» Input material:

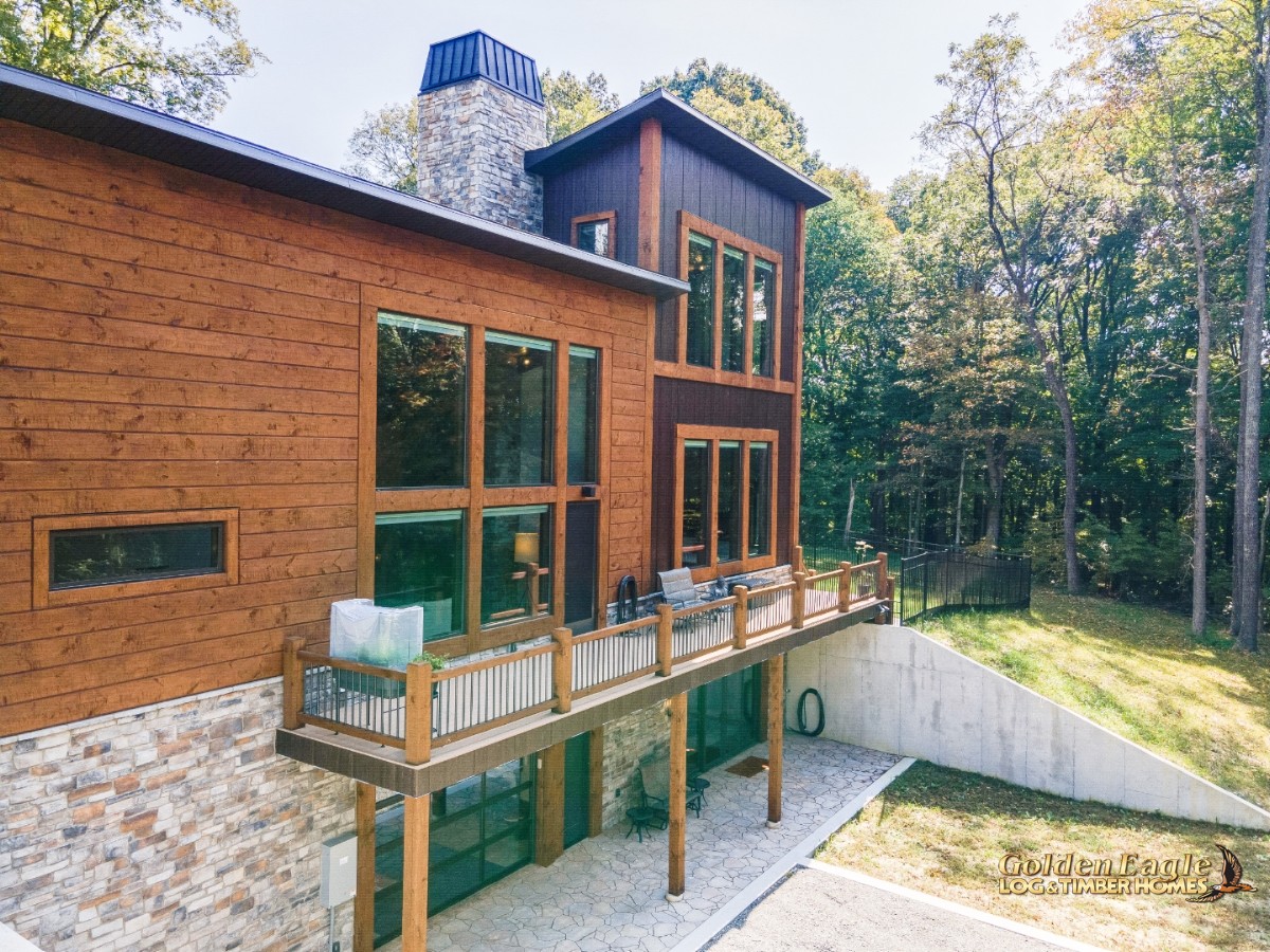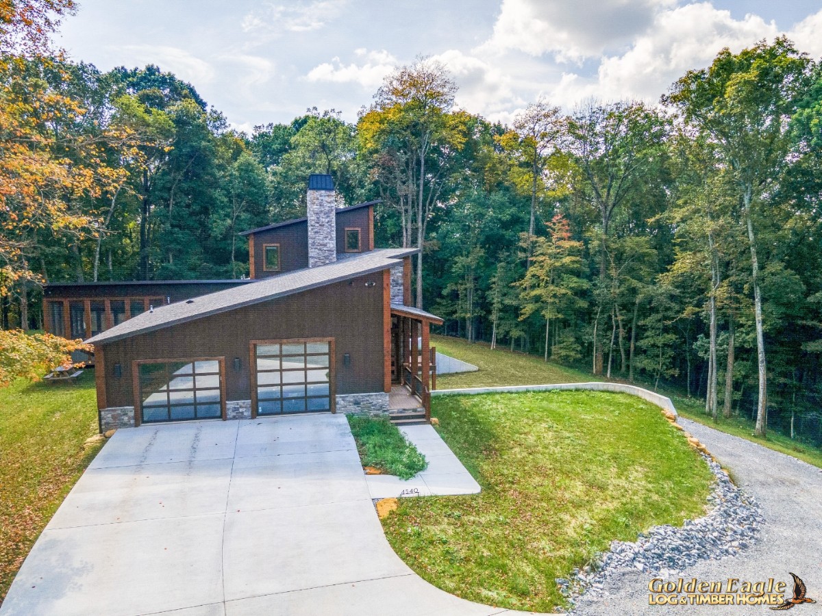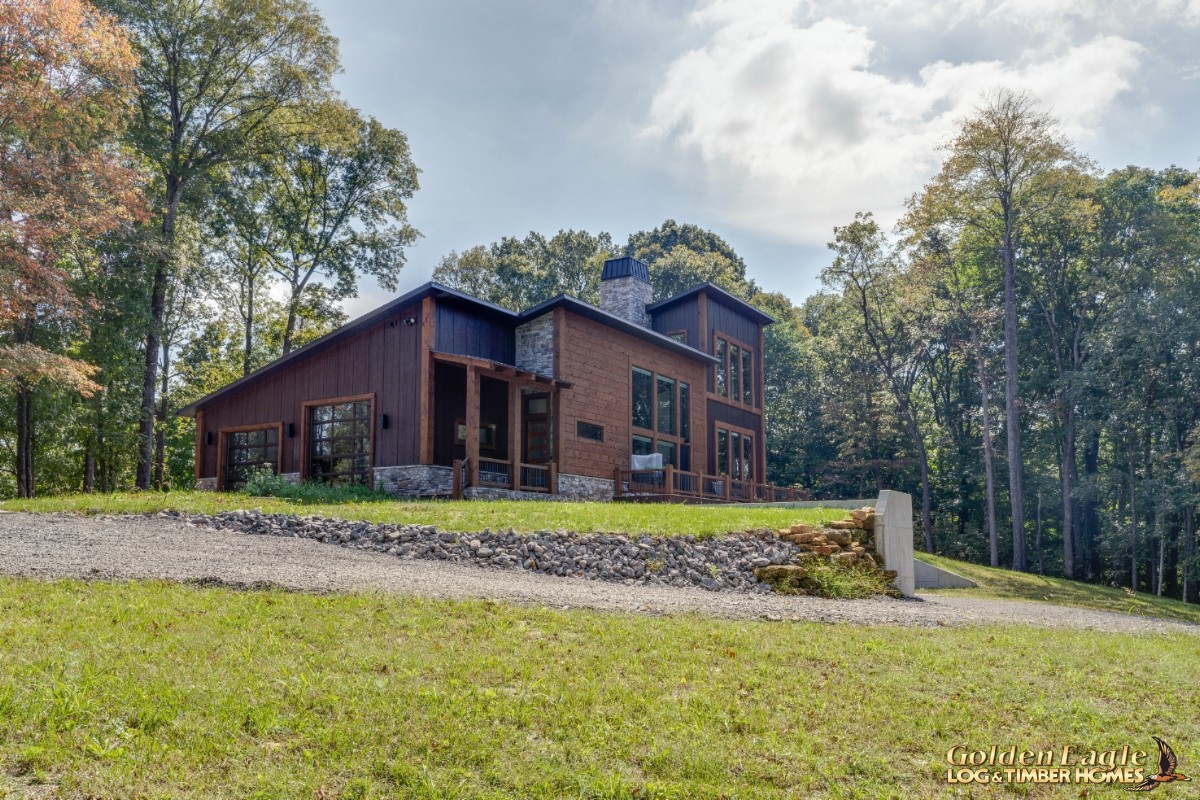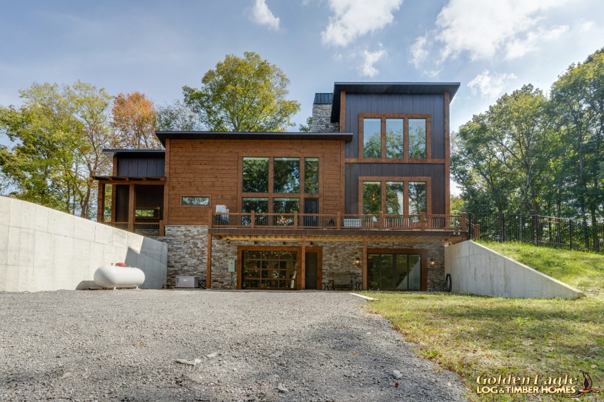 Built in the Tennessee Mountains, this ultra modern is inspired by Timber Frame design. There is tons of light in this home from all the large glass walls.
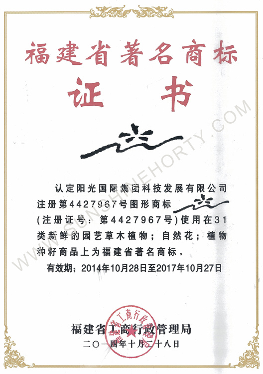 福建省著名商標證書
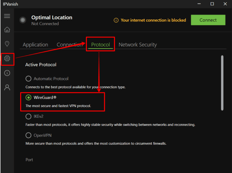 - 选择合适的协议。我建议使用线卫,因为它是最安全、最快速的协议。通过访问它设置>协议>线卫。
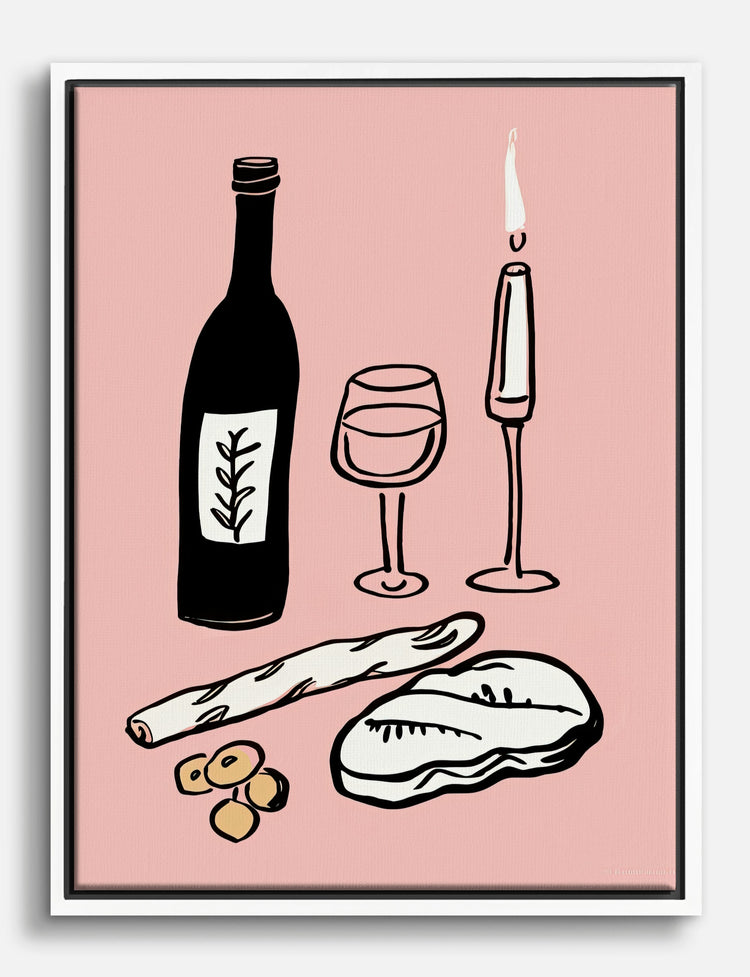 There’s something magical about a table set for a simple, soulful meal. A bottle of wine, fresh bread, and glowing candlelight come together in this playful piece, inviting you to savor life’s little luxuries every day.
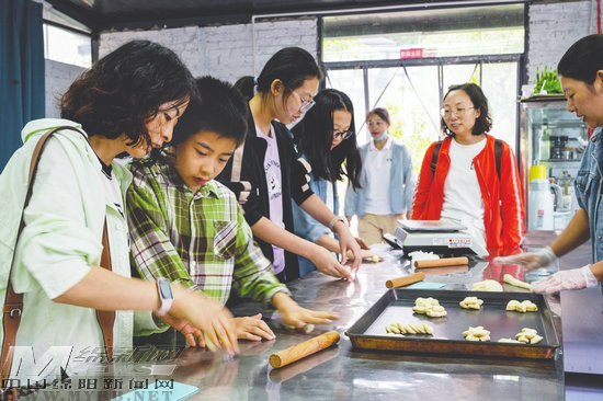 游客在秀水鎮(zhèn)鄉(xiāng)村印象農旅基地體驗面包制作

» Exercise: Retype the lines exactly as they appear, beginning with the line that contains "There’s something magical" and ending with the final line of the entries, and omit the pictures.

» Solution to the problem:
 There’s something magical about a table set for a simple, soulful meal. A bottle of wine, fresh bread, and glowing candlelight come together in this playful piece, inviting you to savor life’s little luxuries every day.
 游客在秀水鎮(zhèn)鄉(xiāng)村印象農旅基地體驗面包制作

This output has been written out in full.